WORK ITEM:
Retype the lines below exactly, from the one that contains "聖誕老公公and聖誕老婆婆~ 正在寓教於樂的灌輸小朋友環保的觀念~" through the last, and leave every picture out.

───── DATA EXTRACT

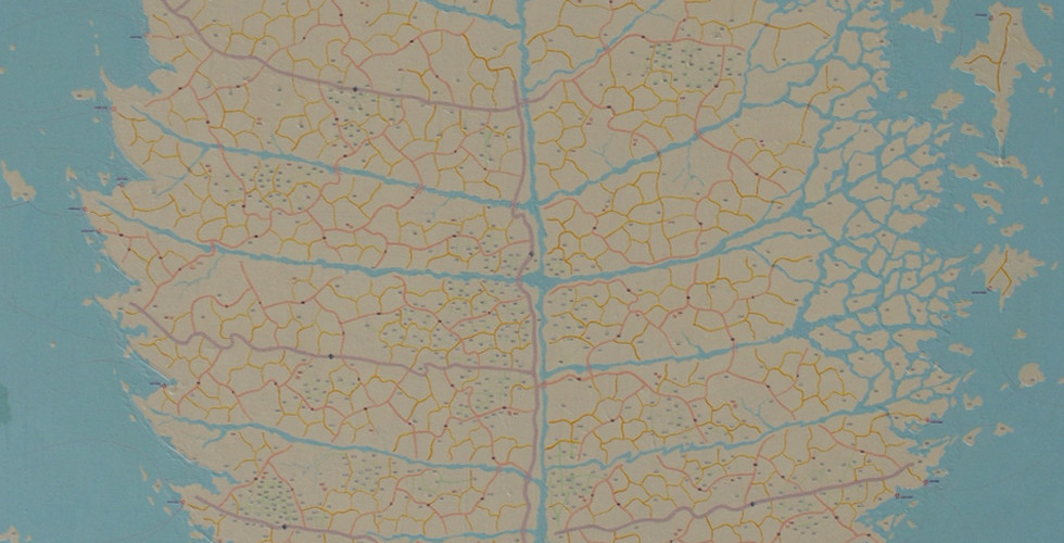On <A complete map of Leaf City>, Kwon painted veins as freeways and expressed other parts of leaves as smaller administrative districts. On <A map of the surrounding areas of Mt. Pupil>, he painted gentle contour lines as a round shape of a pupil and a disconnected road as a bloodshot eye. They look like maps because Kwon painted relations between the whole and small elements of the whole after he observed the whole part of nature (leaves) and human body parts (pupils, palms). While a map of a leaf or a pupil is formed naturally, <A map of Pizza Islands>, <A map of Bathing beach city>, and <A map of Flyswatter Peninsula> remind us of maps with methodically planned cities. A grip of a flyswatter became a straight stretch of freeways toward the flyswatter peninsula. Adopting a map format, Kwon describes elements and features of the objects. Adopting symbols of a map, he clearly shows us freeways-routes and planned cities-villages. If you look closer, you will be able to find words like ‘Oh dear’, ‘I wish you were dead’, ‘annoying’, ‘You are so annoying’, or ‘I am so tired of you’. These words are from his experience of catching a fly with a flyswatter. On <A map of Pizza Islands>, a whole pizza and a piece of a pizza were described as islands, and the stretching cheeses are small islands. Kwon named cutting lines of a pizza as freeways, lines of hot sauce as routes, and the edge of a pizza as ‘Flour conservation zone’. He also named mixed areas of sauce and cheese as ‘Complex areas’, and he named small villages after toppings’ names, such as olives, corns, and peas.
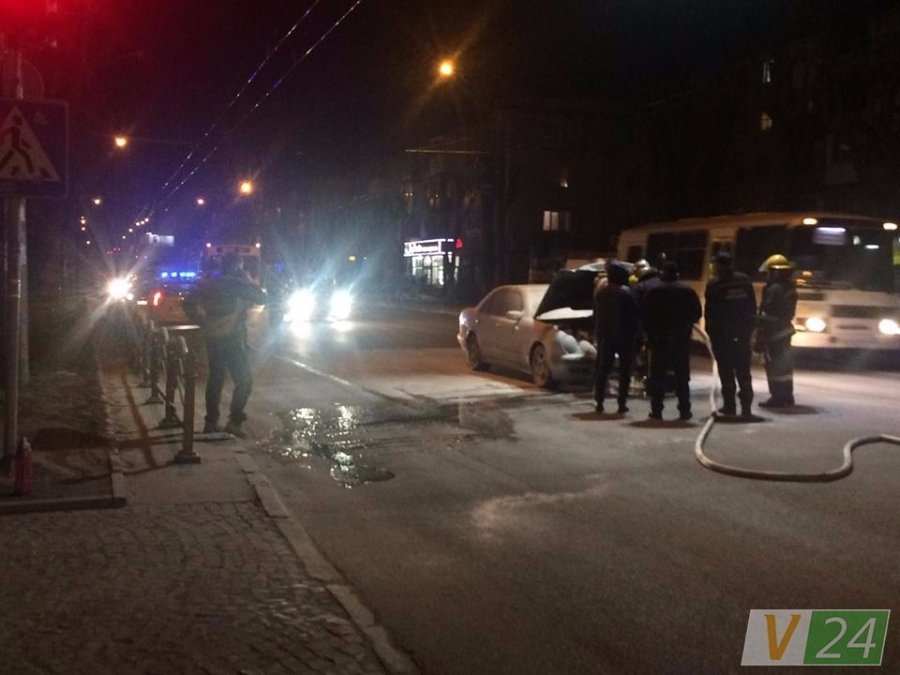 Автомобіль Mercedes загальмував на пішохідному переході, з-під капота повалив густий дим, з’явилося полум’я.
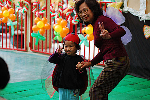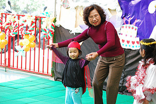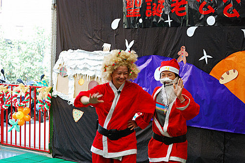 聖誕老公公and聖誕老婆婆~ 正在寓教於樂的灌輸小朋友環保的觀念~
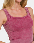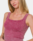 Zenana Washed Ribbed Scoop Neck Wide Strap Tank

──────────

REPLY TO THE TASK:
 聖誕老公公and聖誕老婆婆~ 正在寓教於樂的灌輸小朋友環保的觀念~
 Zenana Washed Ribbed Scoop Neck Wide Strap Tank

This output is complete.